その時、ニーナちゃんが目を覚ましました。私は急いでニーナちゃんの傍に座りました。
「う〜ん……」
「ニーナちゃん!」
「鈴にゃ〜?鈴にゃ〜っ!!!!」
「わっ!」
ニーナちゃんは寝起きにも関わらず私の胸に飛びつき、泣きながら顔をすりすりしてきました。
「ふえぇん……鈴にゃ〜、鈴にゃ〜……」
「ニーナちゃん?」
「鈴にゃ〜、ごめんなさいにゃ…にゃ〜のせいで……グスッ……もう絶対離さないにゃ、ずっとそばに居るにゃ!」
「よしよし、ニーナちゃんのせいじゃないよ、それよりニーナちゃんが無事でよかった」
「助けてくれてありがとにゃ、でももうあんな無茶しちゃだめにゃ、にゃ〜は鈴にゃ〜達を失うのが1番悲しいんだにゃ」
「ごめんね、でもニーナちゃんを守りたかったから」
「私も2人に謝りたいことがあるの」
みぃちゃんは真剣に私達にそういいました。
「どうして?みぃちゃんは何も悪いことなんか……」
「ううん、私、こんな時に限って三味線をお家に忘れちゃって、私何も出来なかった、ごめんなさい」
「そんなことないよ、謝らなければいけないのは私の方だよ、無理して倒れて、みんなに迷惑かけて、私が弱いばっかりに……」
すると、おきつね様の後ろにいた仙理君が前に出てきて口を開きました。
「おいおい、湿っぽいのはなしにしようぜ、みんな無事だったからいいじゃねぇか、なっ、出雲」
「うん、今は再会出来たことを喜ばなきゃ」
そうですね、自分を責めてちゃだめ、喜ぶ時は喜ばないと、私達は顔を合わせ、先に私とみぃちゃんがこう言いました。
「ニーナちゃん、おかえり!」「ニーナちゃん、おかえり!」
「ただいま、鈴にゃ〜、みぃにゃ〜!」
そう言って3人で抱きしめ合いました。暖かい、まるで家族みたいな暖かさでした。すると、ニーナちゃんのお腹がグーと鳴りました。
「えへへ、捕まってから何も食べてないからお腹空いちゃったにゃ」
「そうじゃの、そろそろ夕飯にしようかの、出雲」
「はい!おきつね様!」
「私も手伝うよ、出雲ちゃん」
「あ!私も!」
「にゃ〜も!」
私達は夕飯の準備をして、みんなで1つの食卓を囲んで美味しく食事を楽しみました。その途中、私はおきつね様にこんな相談をしました。

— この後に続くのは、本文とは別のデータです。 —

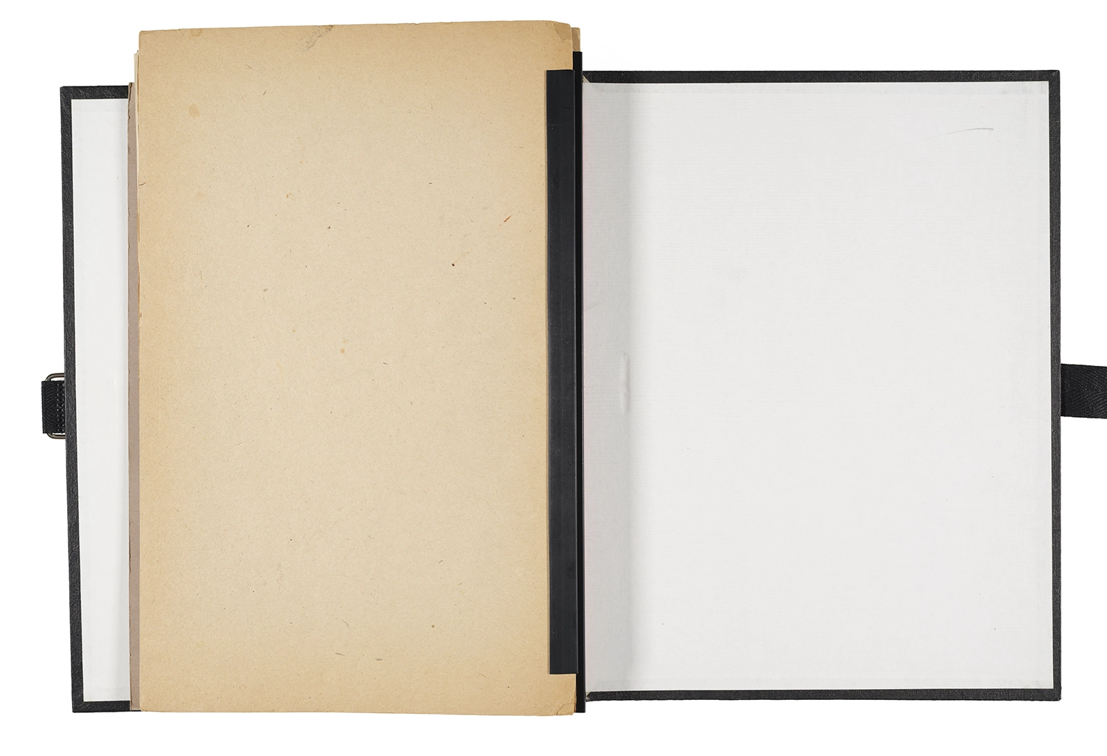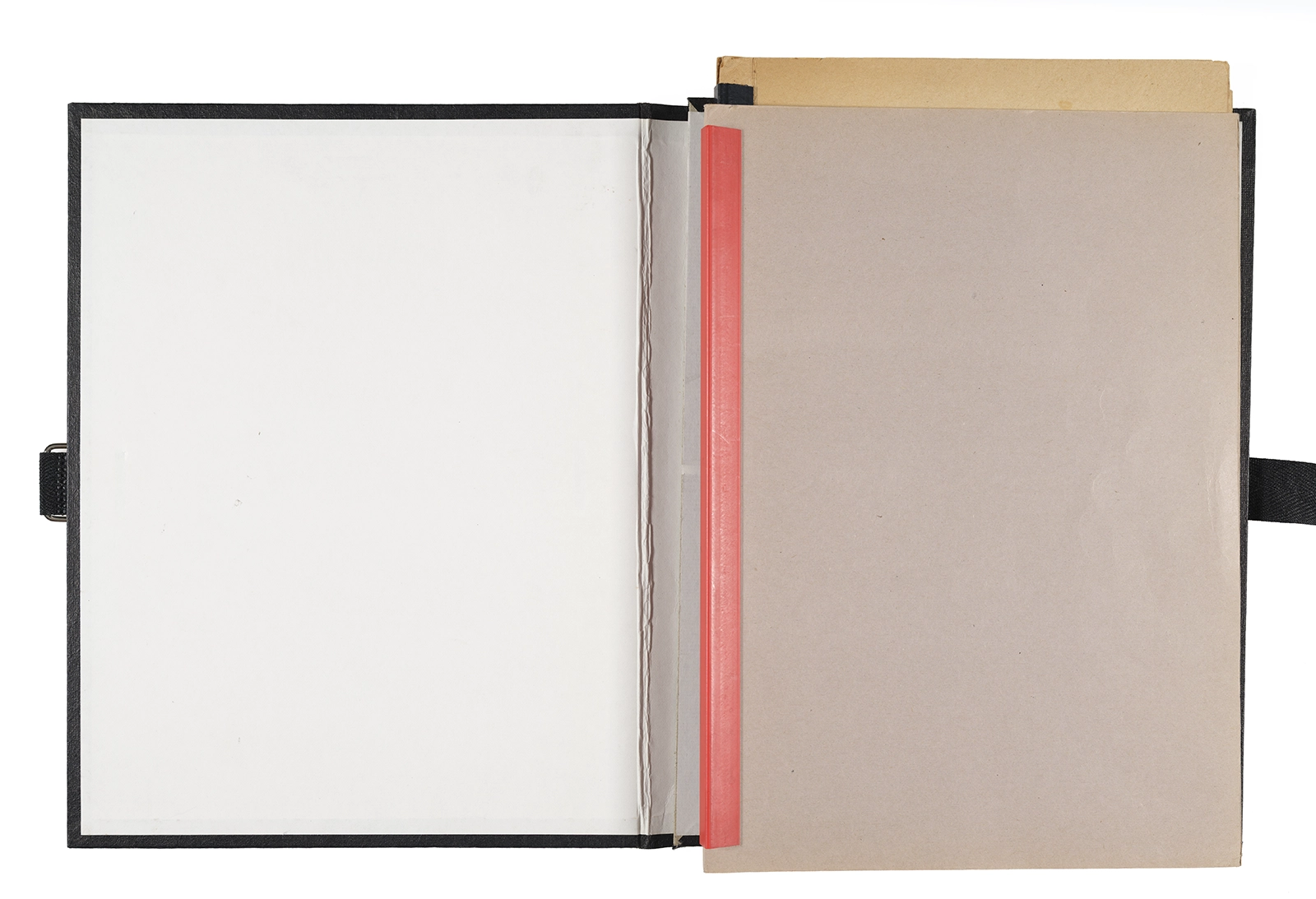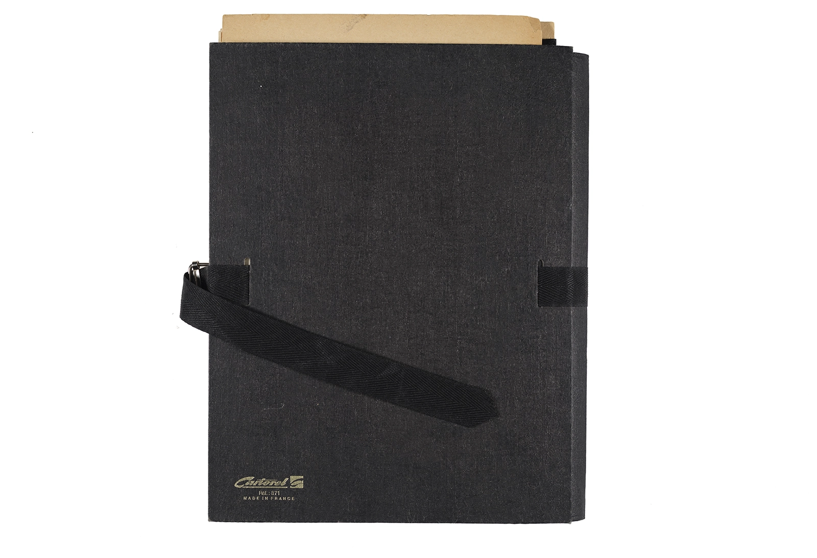 Papel mecanografiado, manuscritos en tinta y grafito, cartón piedra.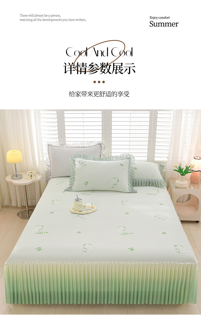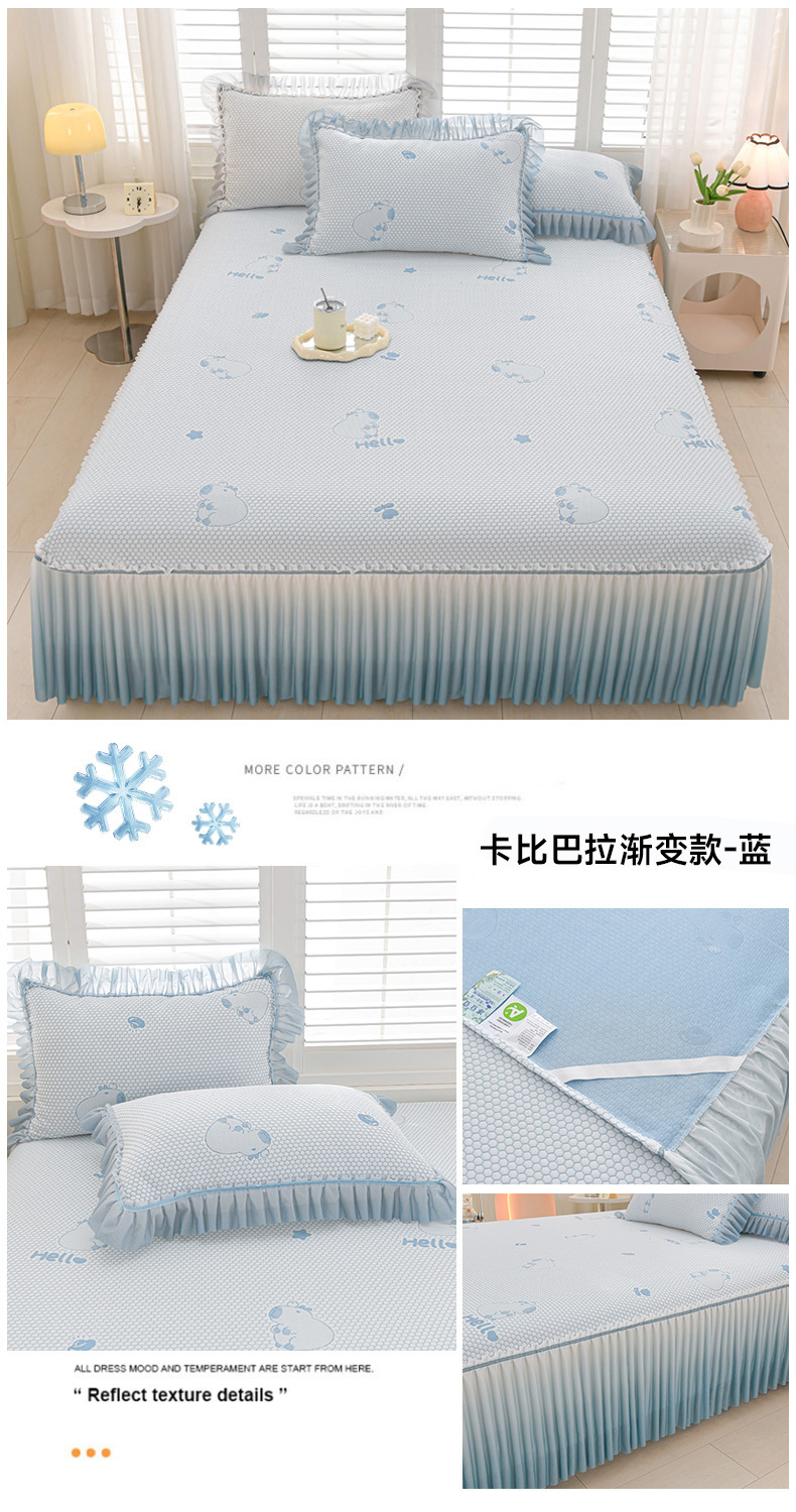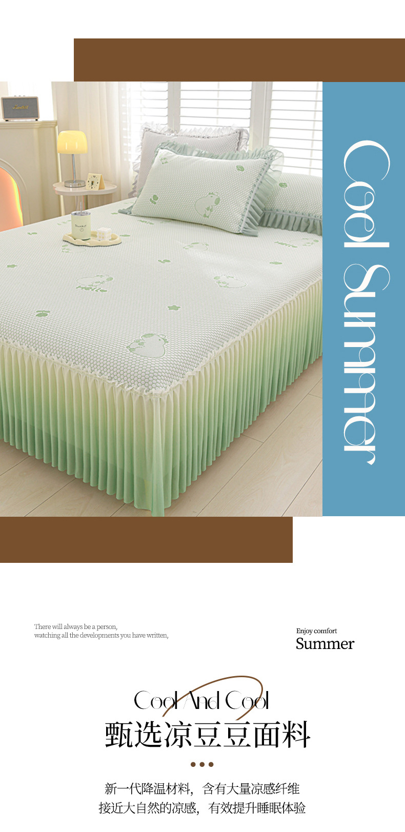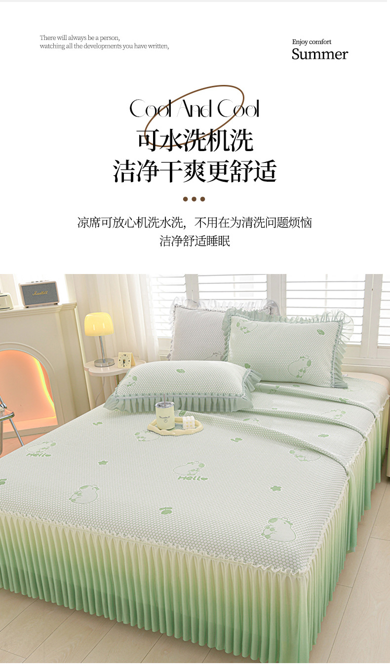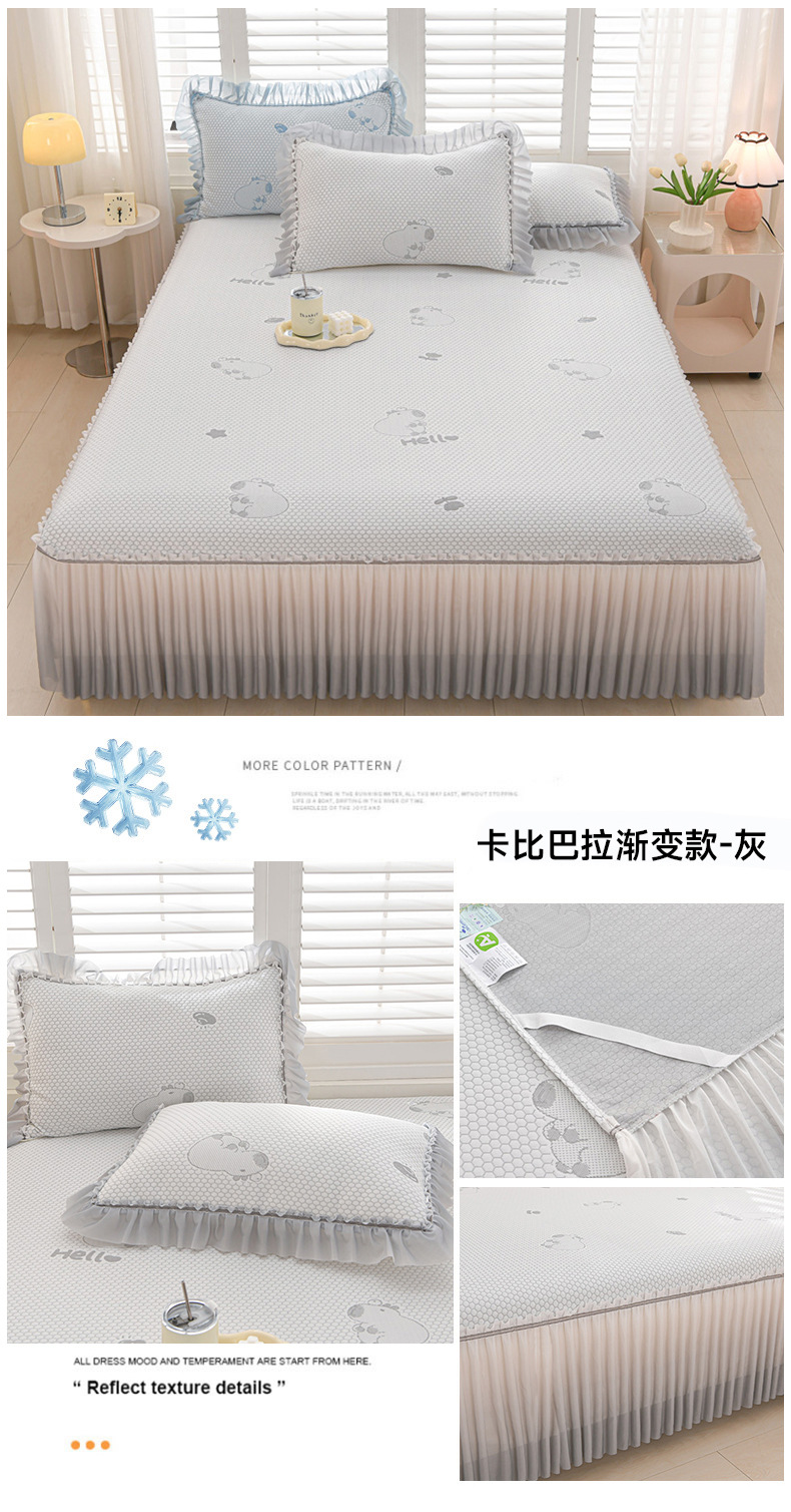 夏季新款冰感凉豆豆凉席三件套家用小清新冰爽床裙床笠保护罩批发

「おきつね様、私、みんなに守られてばっかりで何もできなくて……だから、私も強くなりたいんです!天生石を使えるようにして、みんなを守る力が欲しいんです!」
「ふむ、天生石を操りたいとな?良い心がけじゃが、直ぐに使えるほど甘い力ではない、力を手に入れるには長く厳しい修行が必要じゃ、それでもよいか?」
「はい!みんなを守るためなら、私、頑張ります!」
「うむ、覚悟は出来てるようじゃの、実も3尾も良ければ妾の臣下が相手になるが、どうじゃ?」
「はい!私も鈴ちゃんとニーナちゃんの役に立ちたいです、お願いします!」
「にゃ〜も、鈴にゃ〜を守るために強くなるにゃ!」
「よかろう、ならばしばらくここに留まるが良い、明日から修行を始めるとしよう、今日はゆっくりと休むが良い」
こうして、私達の修行の日々がスタートするのでした。
お久しぶりです!風邪で体調を崩しまして、予定よりかなり遅い投稿になりましたすみません<(_ _)>
さて、20話目突破ですね!これからも頑張って楽しく投稿していきたいと思います!